═══ Exercise data ═══
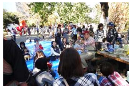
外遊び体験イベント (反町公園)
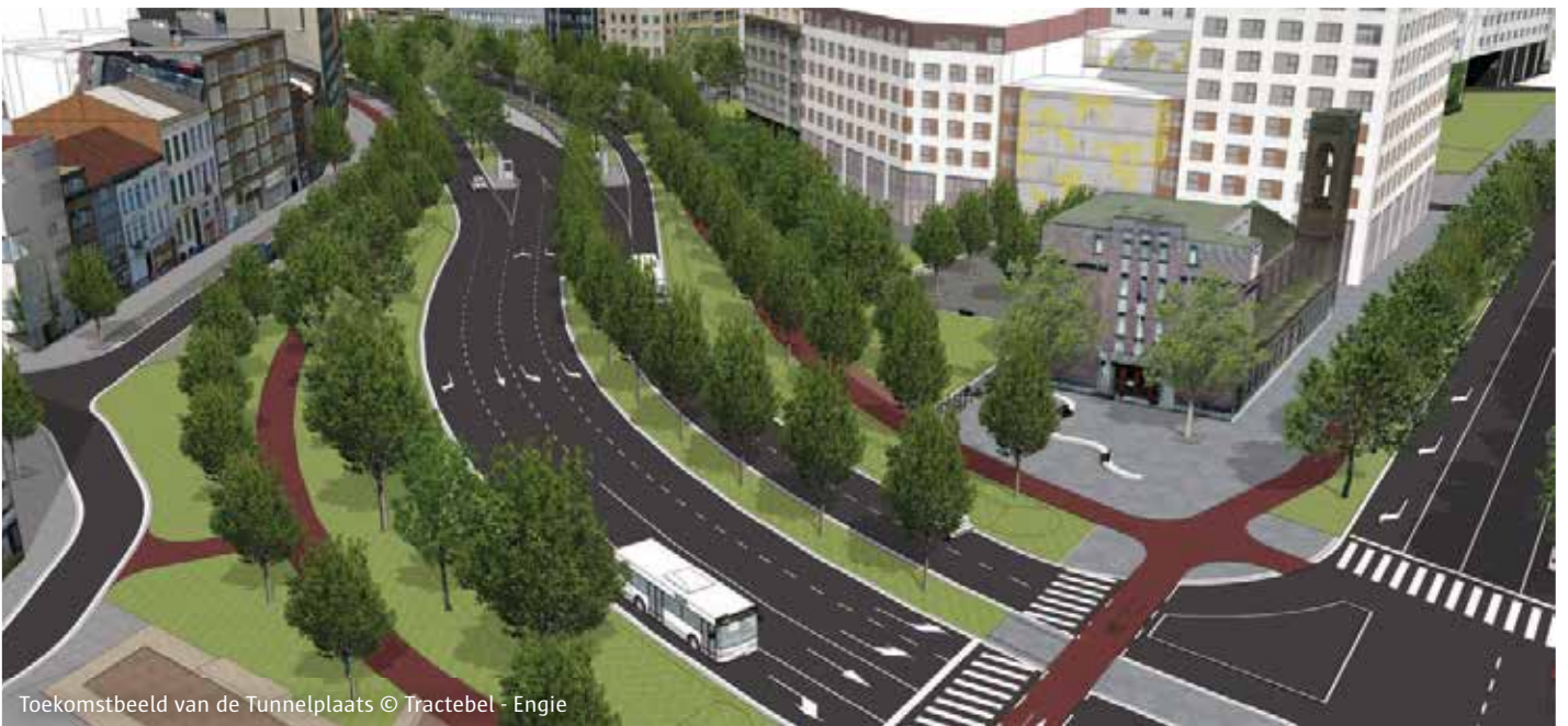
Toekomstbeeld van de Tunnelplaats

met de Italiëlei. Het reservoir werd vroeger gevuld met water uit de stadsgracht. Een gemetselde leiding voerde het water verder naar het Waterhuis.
═══
═══ Exercise data ═══
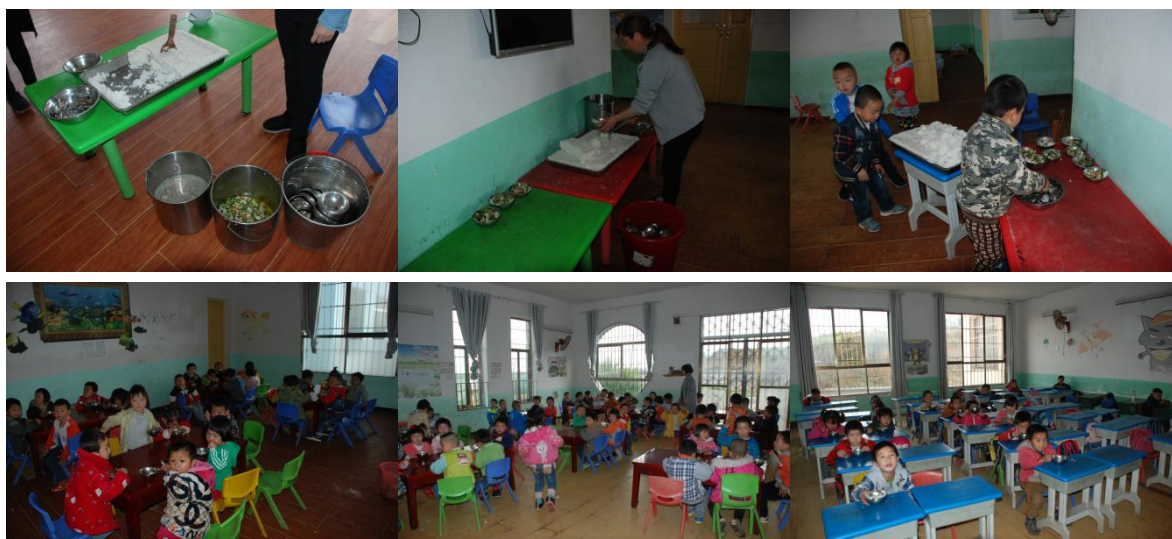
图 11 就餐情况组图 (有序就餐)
═══
Return only the stretch of the material above from the line holding "Toekomstbeeld van de Tunnelplaats" through the line holding "met de Italiëlei.", copied exactly.

Toekomstbeeld van de Tunnelplaats

met de Italiëlei. Het reservoir werd vroeger gevuld met water uit de stadsgracht. Een gemetselde leiding voerde het water verder naar het Waterhuis.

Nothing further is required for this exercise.